# What this task involves
Quote word for word the lines below, beginning with the first and ending with the one that has "In Egyptian culture, the". Drop the pictures.

# Input data
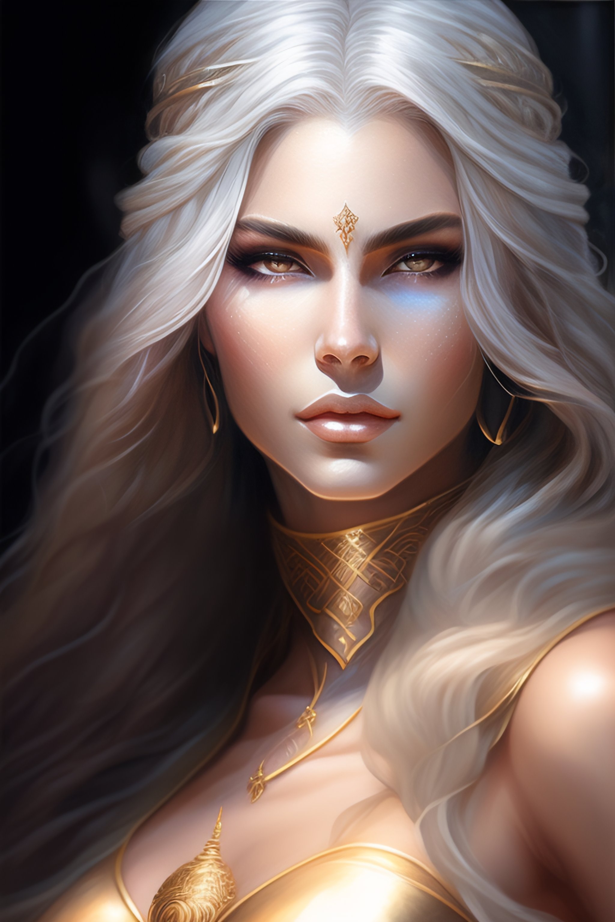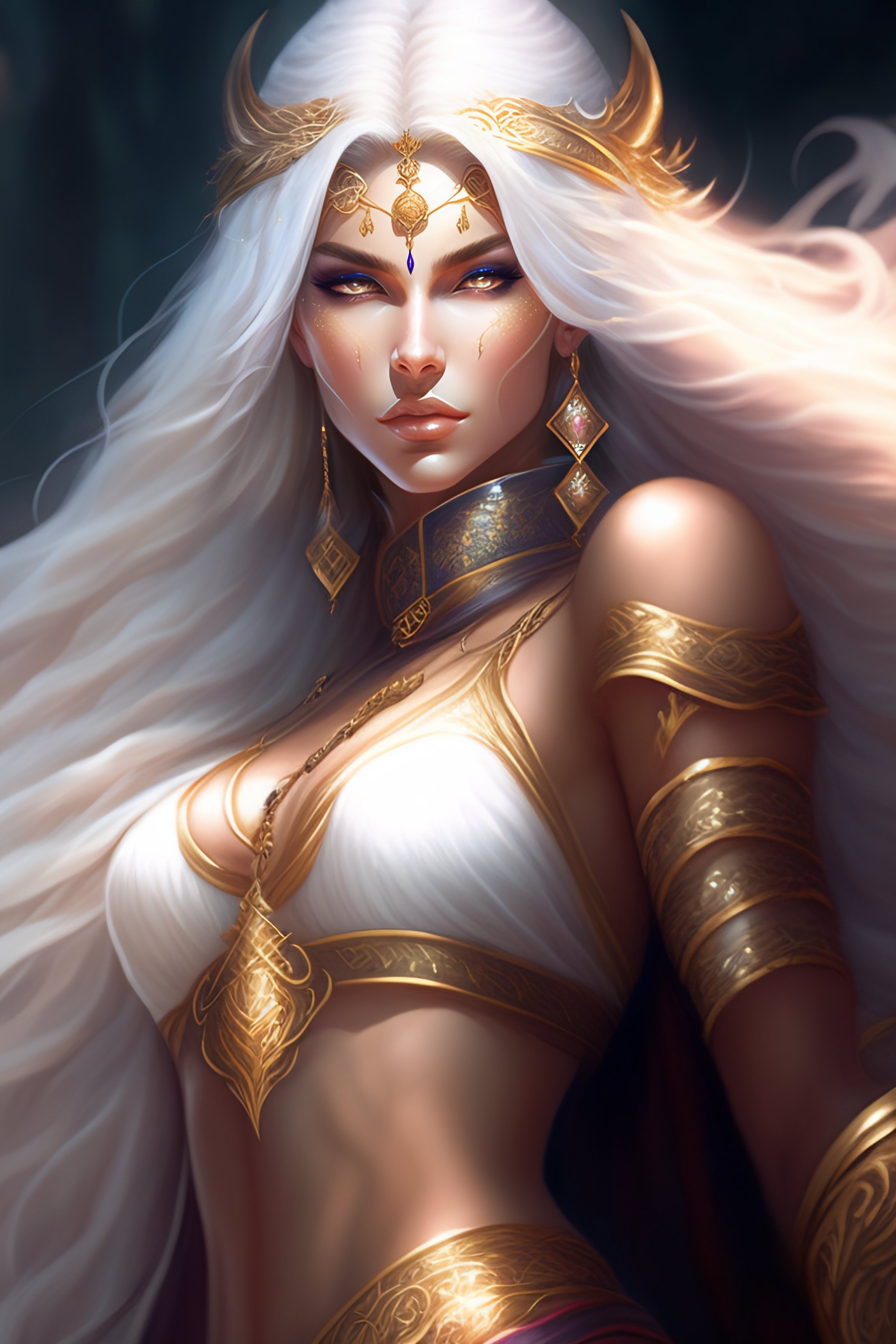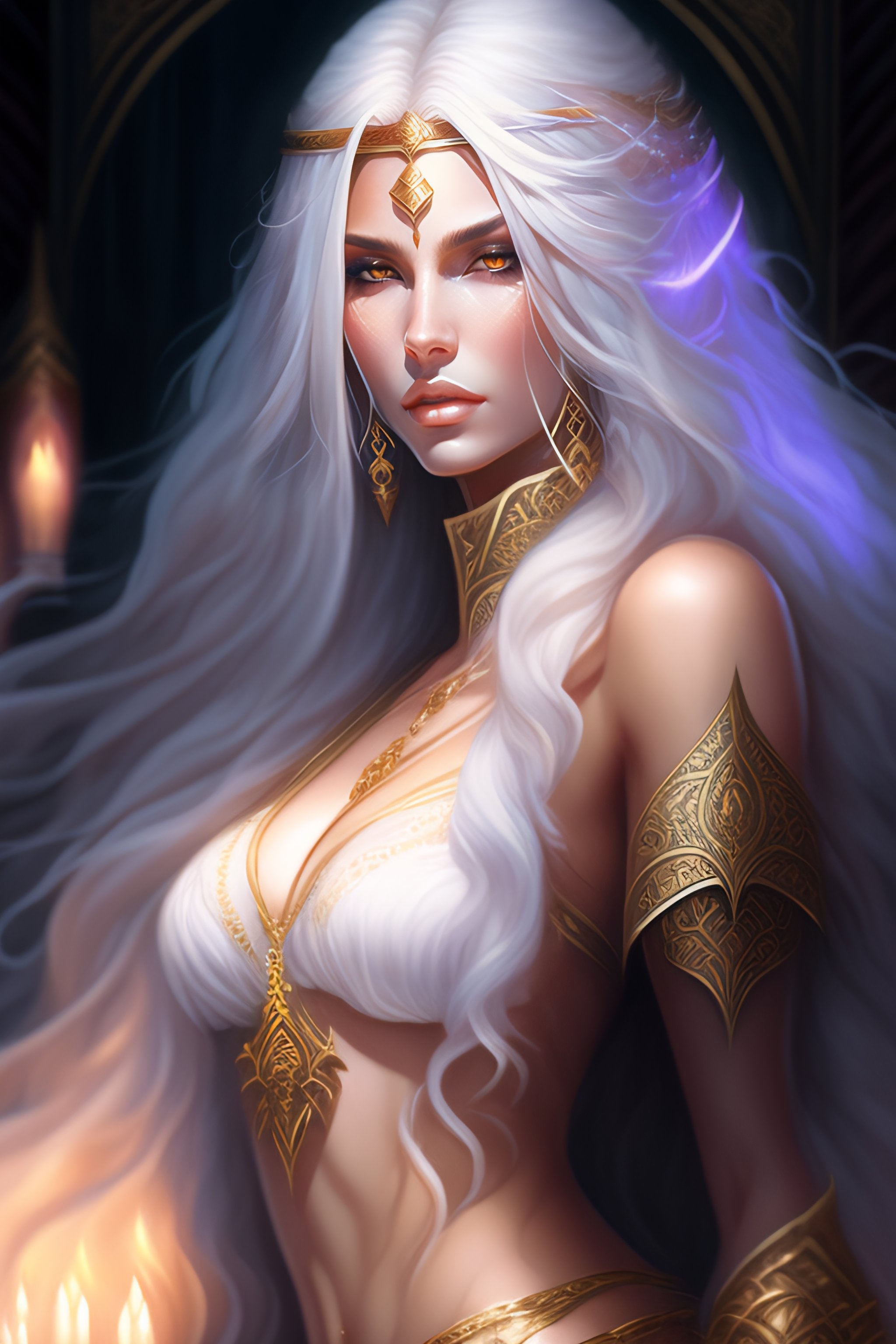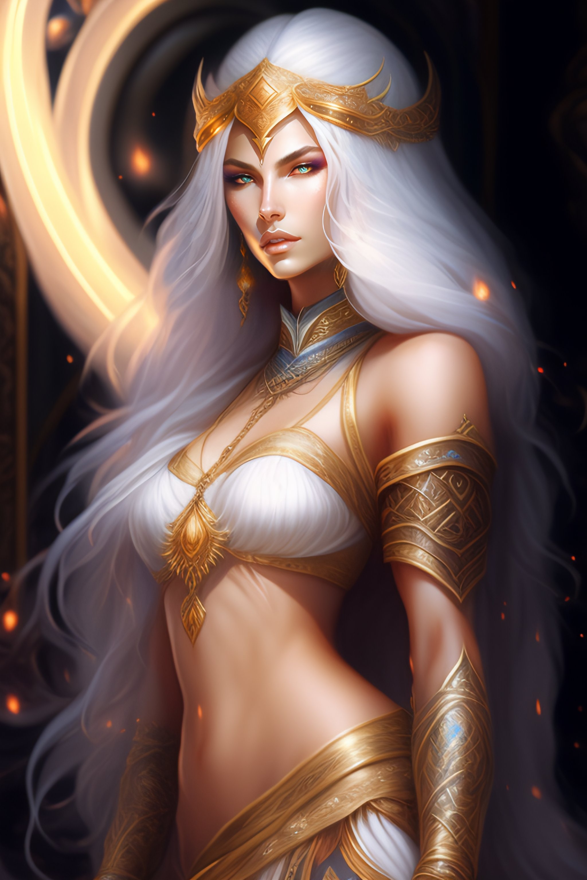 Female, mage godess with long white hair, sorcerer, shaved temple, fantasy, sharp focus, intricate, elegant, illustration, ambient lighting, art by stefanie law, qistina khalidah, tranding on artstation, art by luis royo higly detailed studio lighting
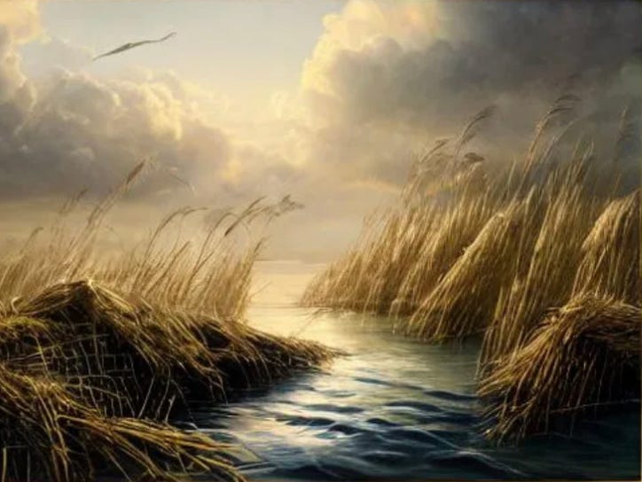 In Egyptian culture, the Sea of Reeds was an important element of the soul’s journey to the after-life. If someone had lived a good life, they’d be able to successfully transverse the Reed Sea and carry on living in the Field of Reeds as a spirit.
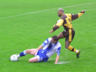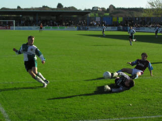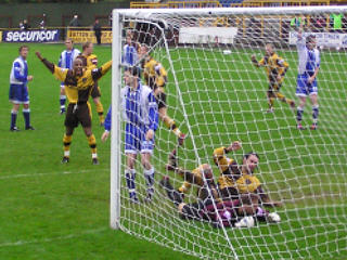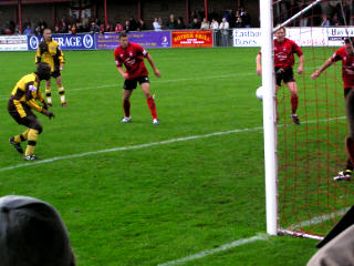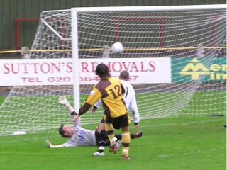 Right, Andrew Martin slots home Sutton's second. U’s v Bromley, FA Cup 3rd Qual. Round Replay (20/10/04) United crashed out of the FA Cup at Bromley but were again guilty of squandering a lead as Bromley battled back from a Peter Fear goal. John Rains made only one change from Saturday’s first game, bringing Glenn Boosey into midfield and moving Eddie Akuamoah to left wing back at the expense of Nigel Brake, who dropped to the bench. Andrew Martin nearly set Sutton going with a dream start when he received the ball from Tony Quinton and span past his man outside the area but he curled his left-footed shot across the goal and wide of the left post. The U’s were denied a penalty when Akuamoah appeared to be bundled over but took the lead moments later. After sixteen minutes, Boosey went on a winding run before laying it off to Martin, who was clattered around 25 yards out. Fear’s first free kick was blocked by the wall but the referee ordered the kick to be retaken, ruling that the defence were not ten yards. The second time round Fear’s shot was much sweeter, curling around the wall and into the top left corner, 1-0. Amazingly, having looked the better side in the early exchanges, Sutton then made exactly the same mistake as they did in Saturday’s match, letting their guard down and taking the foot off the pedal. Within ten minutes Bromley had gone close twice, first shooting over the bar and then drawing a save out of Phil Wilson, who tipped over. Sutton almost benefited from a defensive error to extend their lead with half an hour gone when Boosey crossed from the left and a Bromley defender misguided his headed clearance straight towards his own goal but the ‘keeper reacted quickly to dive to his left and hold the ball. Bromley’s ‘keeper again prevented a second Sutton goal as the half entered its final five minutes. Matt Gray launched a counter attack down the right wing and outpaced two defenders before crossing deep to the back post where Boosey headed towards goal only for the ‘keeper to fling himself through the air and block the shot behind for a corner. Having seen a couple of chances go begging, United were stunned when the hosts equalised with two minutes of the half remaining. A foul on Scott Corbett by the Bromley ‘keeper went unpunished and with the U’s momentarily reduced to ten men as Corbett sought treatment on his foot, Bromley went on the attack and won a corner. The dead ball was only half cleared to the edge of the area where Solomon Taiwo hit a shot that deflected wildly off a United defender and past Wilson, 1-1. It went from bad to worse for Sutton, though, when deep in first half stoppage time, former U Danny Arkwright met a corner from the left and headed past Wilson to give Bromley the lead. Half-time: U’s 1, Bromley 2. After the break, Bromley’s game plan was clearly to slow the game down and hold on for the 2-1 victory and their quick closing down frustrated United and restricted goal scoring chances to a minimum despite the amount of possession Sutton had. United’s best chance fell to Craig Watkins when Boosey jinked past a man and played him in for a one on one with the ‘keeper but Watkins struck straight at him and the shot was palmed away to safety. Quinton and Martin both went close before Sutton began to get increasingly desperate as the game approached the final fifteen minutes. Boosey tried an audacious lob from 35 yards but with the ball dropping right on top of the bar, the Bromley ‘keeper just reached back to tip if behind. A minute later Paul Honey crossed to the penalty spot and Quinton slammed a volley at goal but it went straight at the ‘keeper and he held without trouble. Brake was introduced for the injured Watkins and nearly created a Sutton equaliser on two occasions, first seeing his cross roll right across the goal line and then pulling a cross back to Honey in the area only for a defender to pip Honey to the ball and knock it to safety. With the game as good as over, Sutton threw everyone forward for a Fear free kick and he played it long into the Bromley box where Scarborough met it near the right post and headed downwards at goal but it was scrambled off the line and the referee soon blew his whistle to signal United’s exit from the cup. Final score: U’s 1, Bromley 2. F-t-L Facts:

# Exercise result
 Female, mage godess with long white hair, sorcerer, shaved temple, fantasy, sharp focus, intricate, elegant, illustration, ambient lighting, art by stefanie law, qistina khalidah, tranding on artstation, art by luis royo higly detailed studio lighting
 In Egyptian culture, the Sea of Reeds was an important element of the soul’s journey to the after-life. If someone had lived a good life, they’d be able to successfully transverse the Reed Sea and carry on living in the Field of Reeds as a spirit.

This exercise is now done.